--- START ---

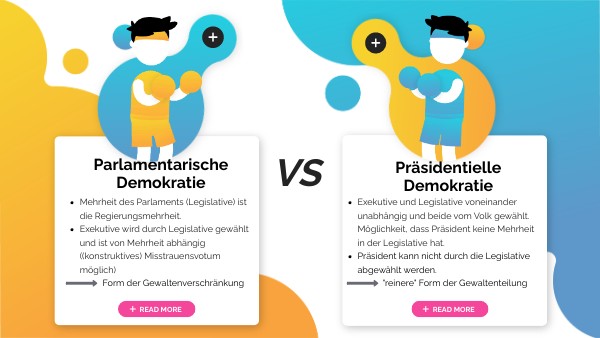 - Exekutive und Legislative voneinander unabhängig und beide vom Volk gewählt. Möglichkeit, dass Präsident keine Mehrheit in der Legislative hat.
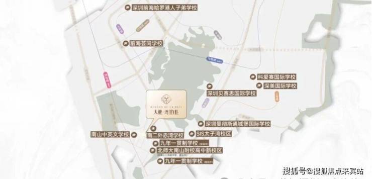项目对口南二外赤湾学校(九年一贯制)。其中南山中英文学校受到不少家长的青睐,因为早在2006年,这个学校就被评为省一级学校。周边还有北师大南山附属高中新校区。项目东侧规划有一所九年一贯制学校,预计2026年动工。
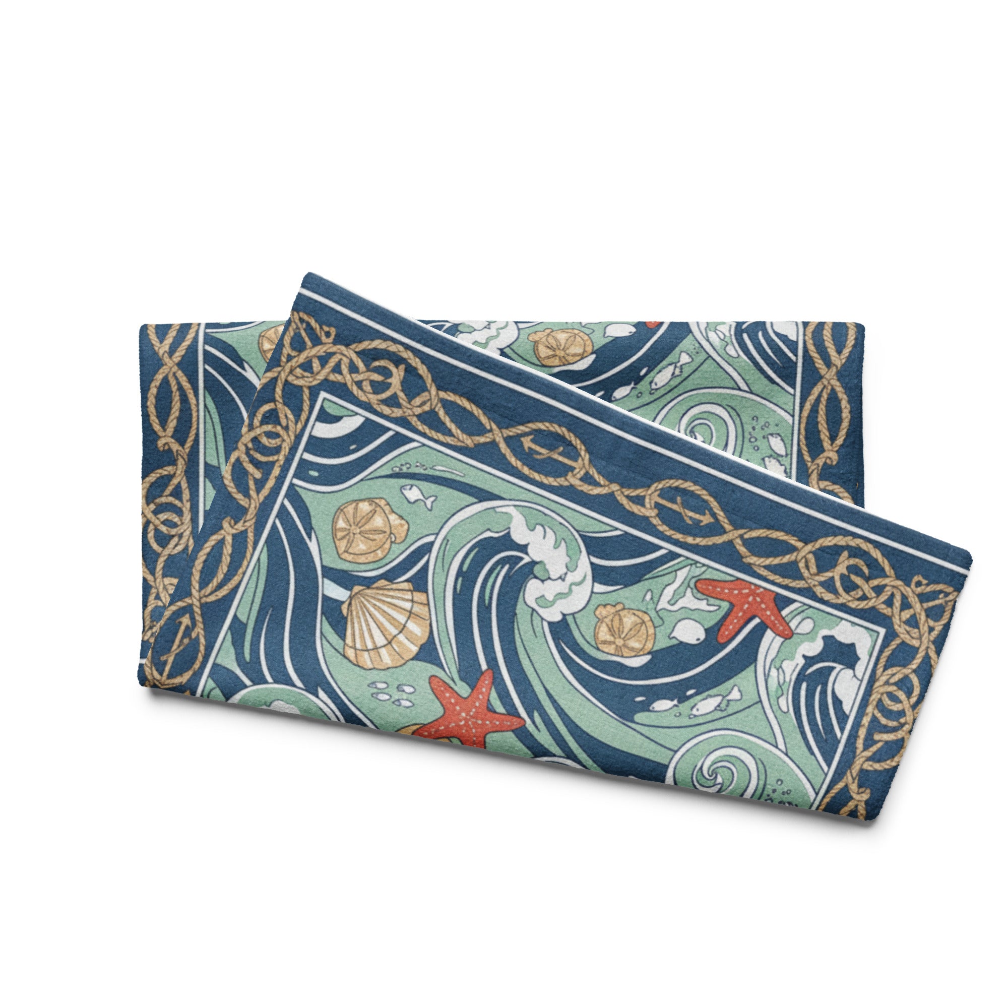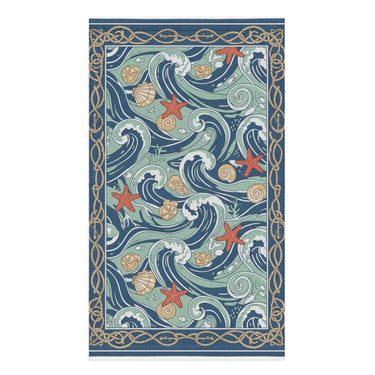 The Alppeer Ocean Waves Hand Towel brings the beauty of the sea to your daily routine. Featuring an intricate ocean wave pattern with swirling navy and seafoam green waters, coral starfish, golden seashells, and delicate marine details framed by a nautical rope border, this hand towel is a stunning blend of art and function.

--- END ---

• **What you have to do**: Please give again, word for word, the lines from the one containing "项目对口南二外赤湾学校(九年" through the last line of the listing above, inclusive, and leave out pictures.

• **Answer section**:
项目对口南二外赤湾学校(九年一贯制)。其中南山中英文学校受到不少家长的青睐,因为早在2006年,这个学校就被评为省一级学校。周边还有北师大南山附属高中新校区。项目东侧规划有一所九年一贯制学校,预计2026年动工。
 The Alppeer Ocean Waves Hand Towel brings the beauty of the sea to your daily routine. Featuring an intricate ocean wave pattern with swirling navy and seafoam green waters, coral starfish, golden seashells, and delicate marine details framed by a nautical rope border, this hand towel is a stunning blend of art and function.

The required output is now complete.